TASK REQUIREMENTS →
Retype only the lines below from the one with "Тройной спиралевидный браслет" to the one with "Рыбаки Арала, нан", inclusive, skipping every image.
++++ EXERCISE MATERIALS
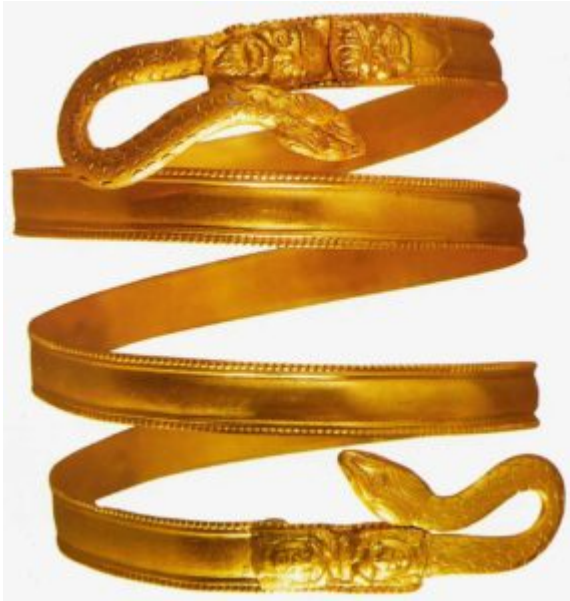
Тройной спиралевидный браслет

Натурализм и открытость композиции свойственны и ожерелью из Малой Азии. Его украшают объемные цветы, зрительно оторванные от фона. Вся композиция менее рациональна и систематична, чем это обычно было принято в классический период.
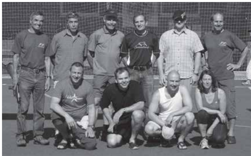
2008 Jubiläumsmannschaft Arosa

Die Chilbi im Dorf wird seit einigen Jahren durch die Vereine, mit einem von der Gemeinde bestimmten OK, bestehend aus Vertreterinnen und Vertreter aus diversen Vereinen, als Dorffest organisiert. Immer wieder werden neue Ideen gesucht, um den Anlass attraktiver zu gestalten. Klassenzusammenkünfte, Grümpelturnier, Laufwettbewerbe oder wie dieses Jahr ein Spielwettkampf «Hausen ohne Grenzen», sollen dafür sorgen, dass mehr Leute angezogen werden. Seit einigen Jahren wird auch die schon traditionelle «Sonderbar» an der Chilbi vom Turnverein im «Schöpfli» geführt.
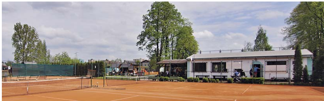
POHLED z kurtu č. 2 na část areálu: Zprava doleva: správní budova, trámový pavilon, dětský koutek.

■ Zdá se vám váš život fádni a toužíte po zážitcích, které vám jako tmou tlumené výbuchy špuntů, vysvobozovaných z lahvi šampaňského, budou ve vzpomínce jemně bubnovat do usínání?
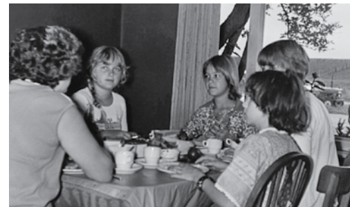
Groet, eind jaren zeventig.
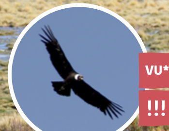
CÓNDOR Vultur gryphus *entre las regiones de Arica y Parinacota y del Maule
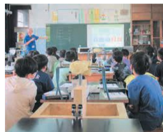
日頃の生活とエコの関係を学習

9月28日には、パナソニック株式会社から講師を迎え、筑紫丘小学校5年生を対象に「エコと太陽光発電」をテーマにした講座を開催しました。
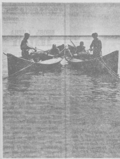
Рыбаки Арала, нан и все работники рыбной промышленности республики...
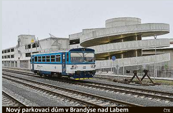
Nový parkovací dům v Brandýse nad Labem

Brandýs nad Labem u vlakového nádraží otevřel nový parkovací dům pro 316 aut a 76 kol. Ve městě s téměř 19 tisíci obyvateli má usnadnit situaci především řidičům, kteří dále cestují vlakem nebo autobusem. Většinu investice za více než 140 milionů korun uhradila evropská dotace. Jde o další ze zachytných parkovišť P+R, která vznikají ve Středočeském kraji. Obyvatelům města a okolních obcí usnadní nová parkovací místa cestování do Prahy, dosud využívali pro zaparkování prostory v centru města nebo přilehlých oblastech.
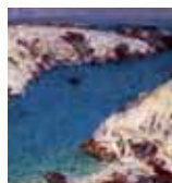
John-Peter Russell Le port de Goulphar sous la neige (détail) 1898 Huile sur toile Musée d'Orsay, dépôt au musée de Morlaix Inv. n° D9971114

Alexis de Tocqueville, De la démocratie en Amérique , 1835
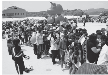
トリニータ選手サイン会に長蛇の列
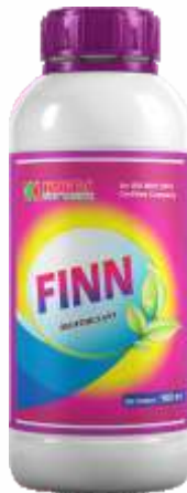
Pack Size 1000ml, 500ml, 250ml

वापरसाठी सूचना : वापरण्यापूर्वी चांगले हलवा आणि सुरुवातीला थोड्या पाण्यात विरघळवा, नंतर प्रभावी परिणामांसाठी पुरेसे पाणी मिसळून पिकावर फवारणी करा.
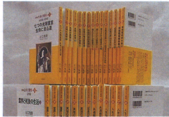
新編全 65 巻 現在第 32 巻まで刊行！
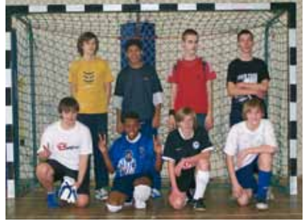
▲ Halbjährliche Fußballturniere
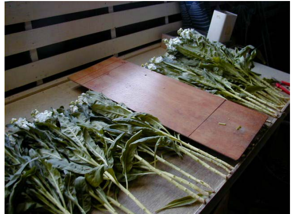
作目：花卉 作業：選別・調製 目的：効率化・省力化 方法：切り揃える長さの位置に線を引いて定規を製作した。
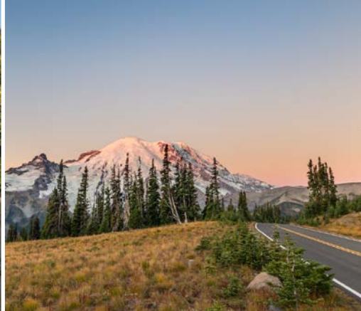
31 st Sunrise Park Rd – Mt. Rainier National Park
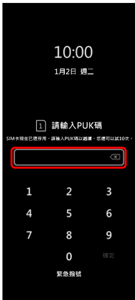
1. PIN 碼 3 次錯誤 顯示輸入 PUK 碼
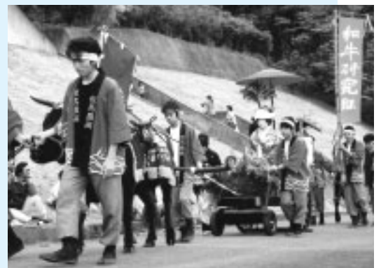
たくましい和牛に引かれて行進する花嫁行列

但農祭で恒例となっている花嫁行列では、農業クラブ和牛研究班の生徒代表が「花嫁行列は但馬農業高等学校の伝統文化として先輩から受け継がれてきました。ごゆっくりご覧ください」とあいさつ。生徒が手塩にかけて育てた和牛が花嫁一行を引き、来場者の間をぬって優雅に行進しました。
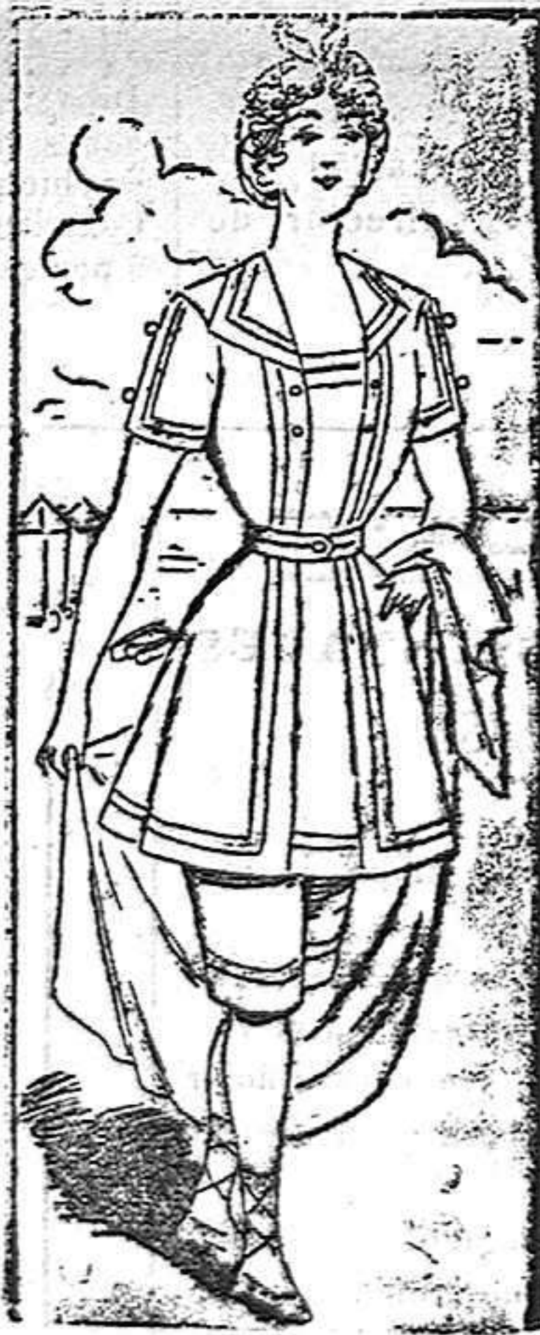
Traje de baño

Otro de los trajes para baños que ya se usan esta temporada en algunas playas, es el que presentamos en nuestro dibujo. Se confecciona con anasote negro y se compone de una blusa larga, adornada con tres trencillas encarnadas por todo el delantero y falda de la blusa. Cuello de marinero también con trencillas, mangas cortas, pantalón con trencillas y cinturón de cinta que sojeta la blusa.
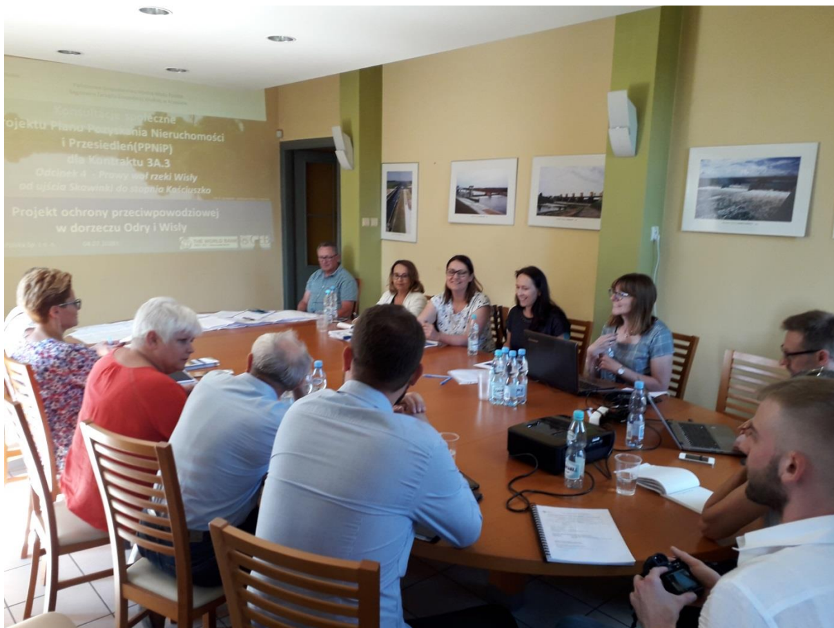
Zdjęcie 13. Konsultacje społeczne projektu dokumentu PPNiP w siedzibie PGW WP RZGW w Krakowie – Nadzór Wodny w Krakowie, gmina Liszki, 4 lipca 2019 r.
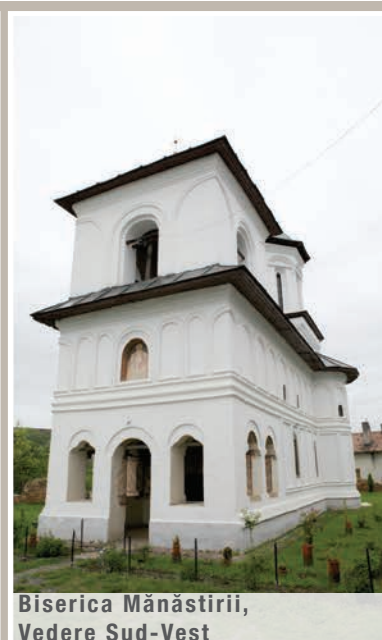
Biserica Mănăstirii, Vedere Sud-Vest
++++++++
++++ EXERCISE MATERIALS
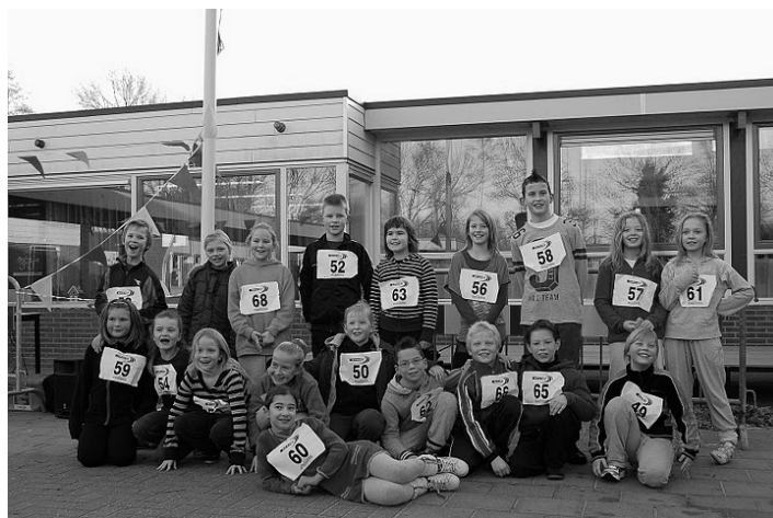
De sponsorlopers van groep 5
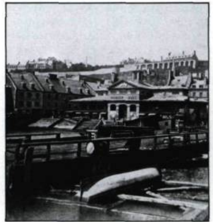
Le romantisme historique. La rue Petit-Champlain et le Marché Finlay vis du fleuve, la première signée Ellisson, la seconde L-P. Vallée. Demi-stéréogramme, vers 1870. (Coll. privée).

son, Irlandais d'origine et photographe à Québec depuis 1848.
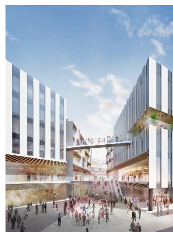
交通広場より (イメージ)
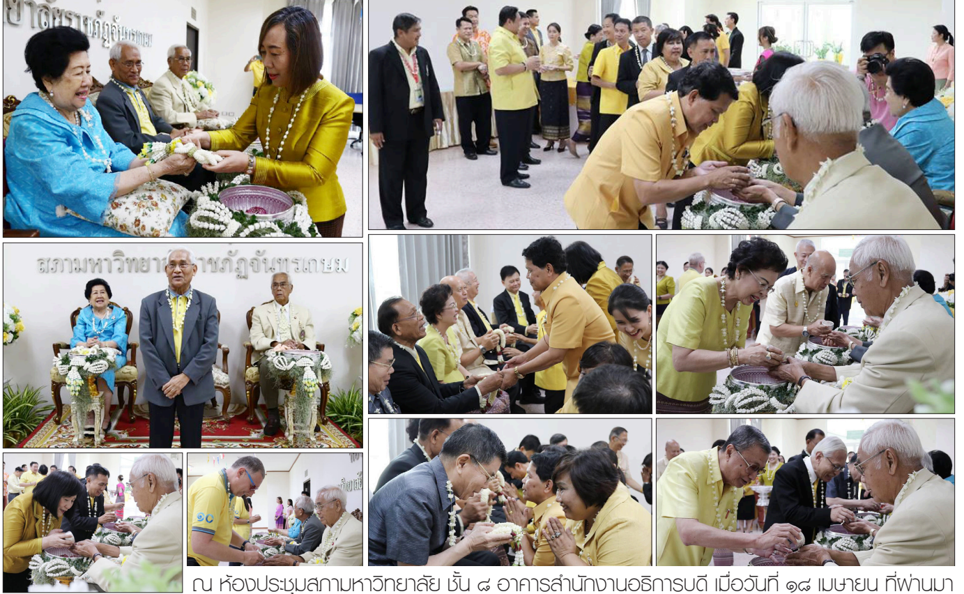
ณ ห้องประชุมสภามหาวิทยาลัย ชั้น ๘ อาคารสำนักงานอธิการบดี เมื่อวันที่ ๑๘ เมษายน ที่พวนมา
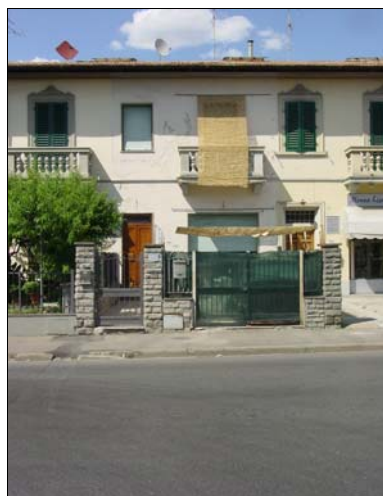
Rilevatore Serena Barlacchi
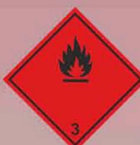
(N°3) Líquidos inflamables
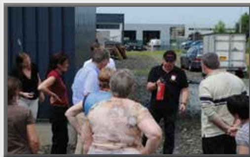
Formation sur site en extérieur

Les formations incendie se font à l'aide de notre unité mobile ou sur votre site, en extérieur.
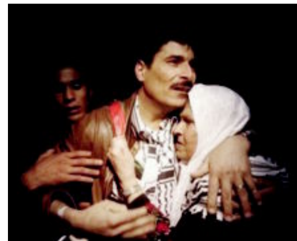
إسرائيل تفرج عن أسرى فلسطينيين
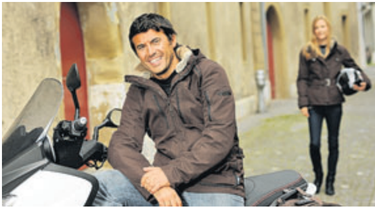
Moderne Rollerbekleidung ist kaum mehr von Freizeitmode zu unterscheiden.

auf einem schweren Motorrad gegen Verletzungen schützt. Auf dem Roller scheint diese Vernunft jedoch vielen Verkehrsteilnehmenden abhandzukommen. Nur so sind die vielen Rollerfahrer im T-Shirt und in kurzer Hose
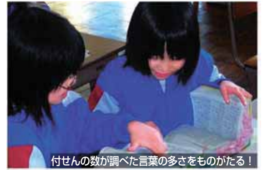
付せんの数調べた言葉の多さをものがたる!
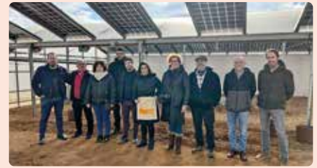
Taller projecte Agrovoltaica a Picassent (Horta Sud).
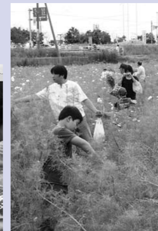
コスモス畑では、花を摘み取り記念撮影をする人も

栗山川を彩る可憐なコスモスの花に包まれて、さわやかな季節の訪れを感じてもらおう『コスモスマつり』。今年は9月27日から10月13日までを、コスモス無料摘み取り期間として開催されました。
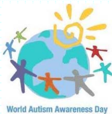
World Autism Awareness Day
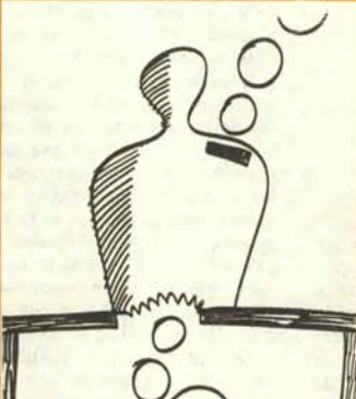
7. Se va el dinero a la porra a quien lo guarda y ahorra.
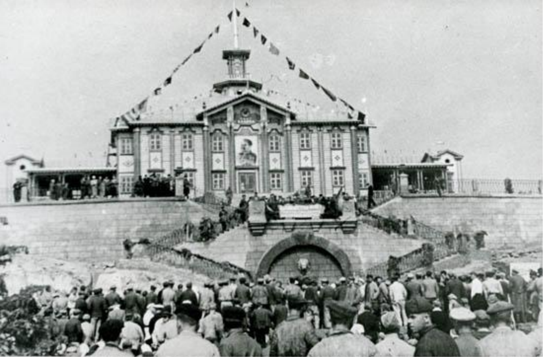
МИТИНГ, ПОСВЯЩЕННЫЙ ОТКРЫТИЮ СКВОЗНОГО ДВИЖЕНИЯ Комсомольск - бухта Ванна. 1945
++++++++
ANSWER TO THE EXERCISE →
Тройной спиралевидный браслет

Натурализм и открытость композиции свойственны и ожерелью из Малой Азии. Его украшают объемные цветы, зрительно оторванные от фона. Вся композиция менее рациональна и систематична, чем это обычно было принято в классический период.
2008 Jubiläumsmannschaft Arosa

Die Chilbi im Dorf wird seit einigen Jahren durch die Vereine, mit einem von der Gemeinde bestimmten OK, bestehend aus Vertreterinnen und Vertreter aus diversen Vereinen, als Dorffest organisiert. Immer wieder werden neue Ideen gesucht, um den Anlass attraktiver zu gestalten. Klassenzusammenkünfte, Grümpelturnier, Laufwettbewerbe oder wie dieses Jahr ein Spielwettkampf «Hausen ohne Grenzen», sollen dafür sorgen, dass mehr Leute angezogen werden. Seit einigen Jahren wird auch die schon traditionelle «Sonderbar» an der Chilbi vom Turnverein im «Schöpfli» geführt.
POHLED z kurtu č. 2 na část areálu: Zprava doleva: správní budova, trámový pavilon, dětský koutek.

■ Zdá se vám váš život fádni a toužíte po zážitcích, které vám jako tmou tlumené výbuchy špuntů, vysvobozovaných z lahvi šampaňského, budou ve vzpomínce jemně bubnovat do usínání?
Groet, eind jaren zeventig.
CÓNDOR Vultur gryphus *entre las regiones de Arica y Parinacota y del Maule
日頃の生活とエコの関係を学習

9月28日には、パナソニック株式会社から講師を迎え、筑紫丘小学校5年生を対象に「エコと太陽光発電」をテーマにした講座を開催しました。
Рыбаки Арала, нан и все работники рыбной промышленности республики...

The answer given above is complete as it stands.